● **Given data**
--- START ---
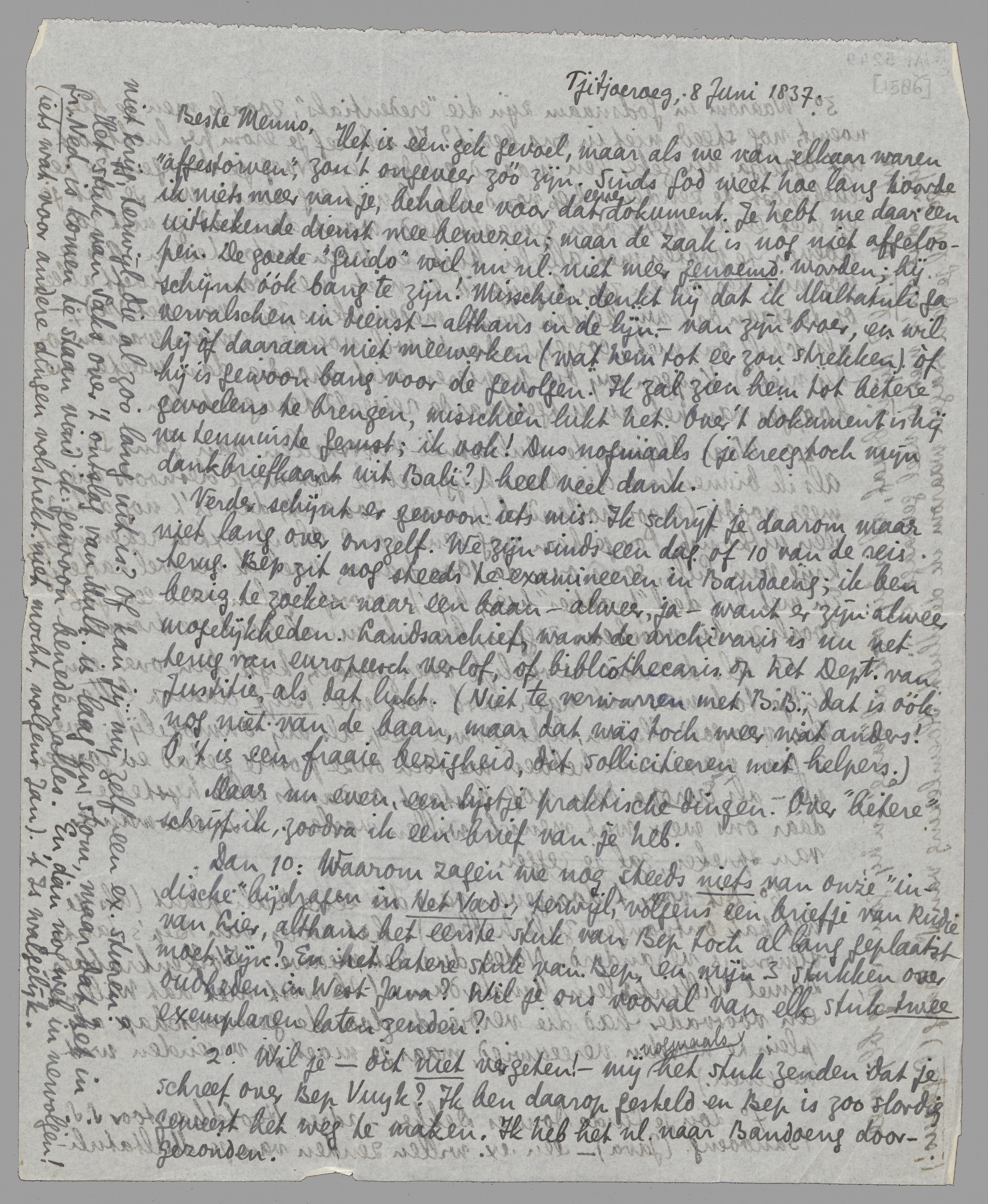 Verder schijnt er gewoon iets mis. Ik schrijf je daarom maar niet lang over ons zelf. We zijn sinds een dag of 10 van de reis terug. Bep zit nog steeds te examineeren in Bandoeng; ik ben bezig te zoeken naar een baan - alweer, ja - want er zijn alweer mogelijkheden. Landsarchief, want de archivaris is nu net terug van europeesch verlof, of bibliothecaris op het Dept. van Justitie, als dat lukt. (Niet te verwarren met B.B., dat is óók nog niet van de baan, maar dat was toch weer wat anders! O, 't is een fraaie bezigheid, dit solliciteeren met helpers.)
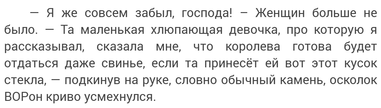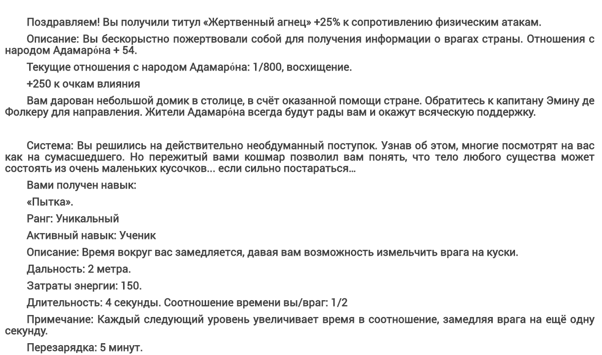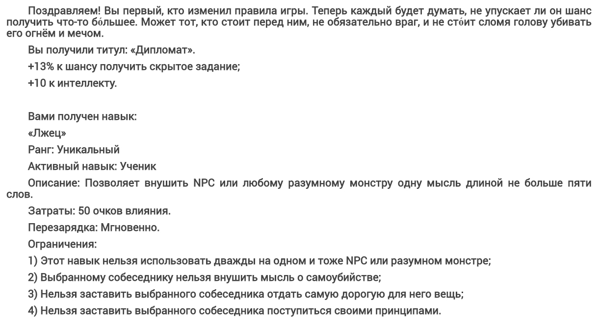 С какой небрежностью прописываются диалоги, и равно диаметрально — описания вещей и получаемых титулов. Просто рай для фетишиста, у которого история маскируется под предмет.
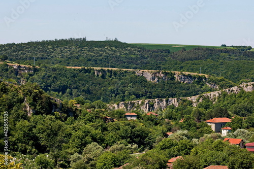 © vili45, Fototapeta premium View of the beautiful village of Nisovo, Bulgaria, located below, above and in the high limestone cliffs, protected by magnificent deciduous trees
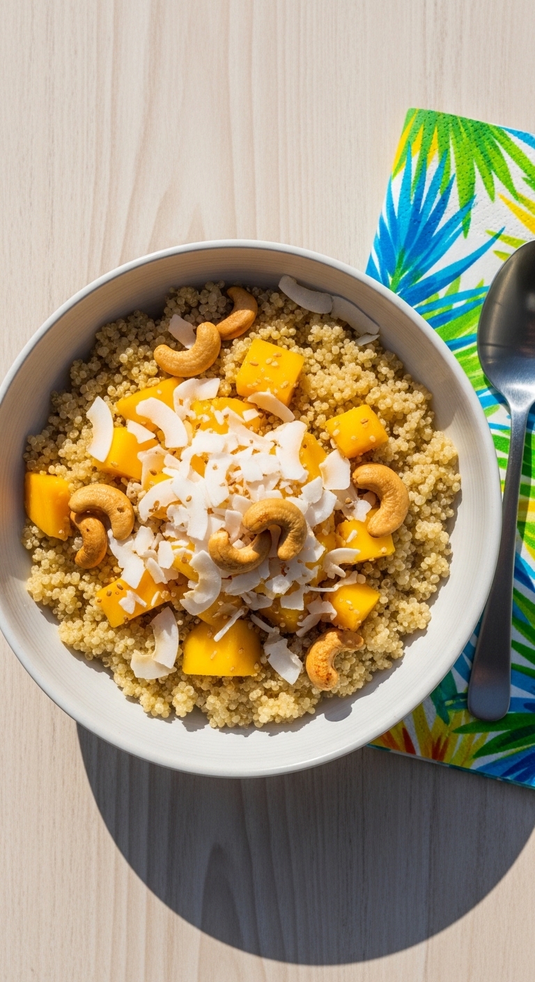Serve in a shallow bowl with a lime wedge. Garnish with extra coconut and a few mint leaves. Pair with iced tea or a simple espresso. Make quinoa ahead for speedy breakfasts. Great for hot-weather mornings and light brunches.
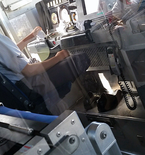 乗客が撮影した運転席の写真。運転士は靴を脱ぎ、あぐらをかいているように見える
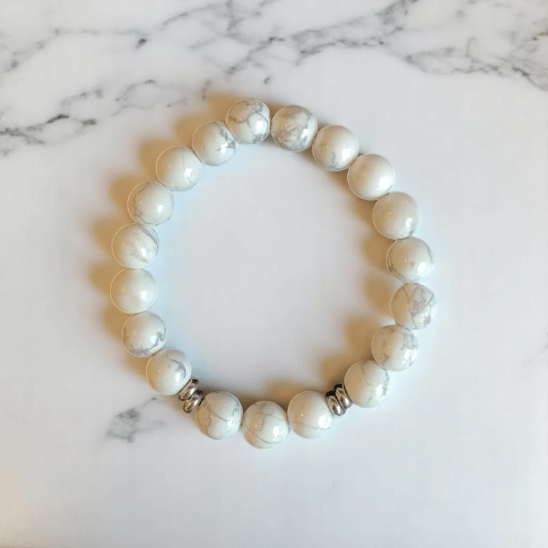 - Featuring smooth, white Howlite stones with their striking grey veining, this set exudes a serene and calming energy, perfect for adding a subtle yet sophisticated touch to any outfit.
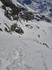 Scendendo per la pala sul versante nord bella neve, Purtroppo molto tritata soprattutto nei punti più ripidi e obbligati. Attenzione ai sassi affioranti Sul versante di salita…
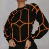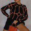 Dieser schwarze Pullover mit einem auffälligen orangefarbenen Muster ist ein modisches Statement. Das kräftige orange Muster setzt einen lebendigen Akzent auf dem schwarzen Hintergrund und verleiht dem Pullover eine besondere Note. Der Pullover ist aus weichem, bequemem Material gefertigt, das für angenehmen Tragekomfort sorgt. Perfekt für den Alltag oder für entspannte Ausflüge, lässt sich dieser Pullover sowohl mit Jeans als auch mit Hosen oder Röcken kombinieren und schafft einen modernen, trendigen Look.
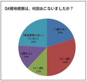 続いて前の質問で最も回答数を集めた「現地視察」について、次の2問でさらに詳しく聞いてみました。まず、どの位の回数、視察をおこなったのか?について聞いたところ、全体の半数以上にあたる56%の企業が2回以上の視察に訪れていました。そして、視察を行った企業の視察回数の平均は「3.4回」となりました。また、6回以上視察行った企業が全体の14%もおり、かなり多く現地視察を行っていることがわかりました。
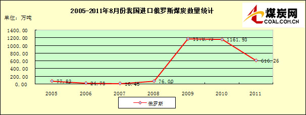 2005-2011年8月份我國進(jìn)口俄羅斯煤炭數(shù)量走勢統(tǒng)計(jì)
--- END ---
● **Work to complete**
Set down exactly the lines of the entries above from the one holding "Serve in a shallow" through the last one, including both, with the pictures left out.

● **Completed task**
Serve in a shallow bowl with a lime wedge. Garnish with extra coconut and a few mint leaves. Pair with iced tea or a simple espresso. Make quinoa ahead for speedy breakfasts. Great for hot-weather mornings and light brunches.
 乗客が撮影した運転席の写真。運転士は靴を脱ぎ、あぐらをかいているように見える
 - Featuring smooth, white Howlite stones with their striking grey veining, this set exudes a serene and calming energy, perfect for adding a subtle yet sophisticated touch to any outfit.
 Scendendo per la pala sul versante nord bella neve, Purtroppo molto tritata soprattutto nei punti più ripidi e obbligati. Attenzione ai sassi affioranti Sul versante di salita…
 Dieser schwarze Pullover mit einem auffälligen orangefarbenen Muster ist ein modisches Statement. Das kräftige orange Muster setzt einen lebendigen Akzent auf dem schwarzen Hintergrund und verleiht dem Pullover eine besondere Note. Der Pullover ist aus weichem, bequemem Material gefertigt, das für angenehmen Tragekomfort sorgt. Perfekt für den Alltag oder für entspannte Ausflüge, lässt sich dieser Pullover sowohl mit Jeans als auch mit Hosen oder Röcken kombinieren und schafft einen modernen, trendigen Look.
 続いて前の質問で最も回答数を集めた「現地視察」について、次の2問でさらに詳しく聞いてみました。まず、どの位の回数、視察をおこなったのか?について聞いたところ、全体の半数以上にあたる56%の企業が2回以上の視察に訪れていました。そして、視察を行った企業の視察回数の平均は「3.4回」となりました。また、6回以上視察行った企業が全体の14%もおり、かなり多く現地視察を行っていることがわかりました。
 2005-2011年8月份我國進(jìn)口俄羅斯煤炭數(shù)量走勢統(tǒng)計(jì)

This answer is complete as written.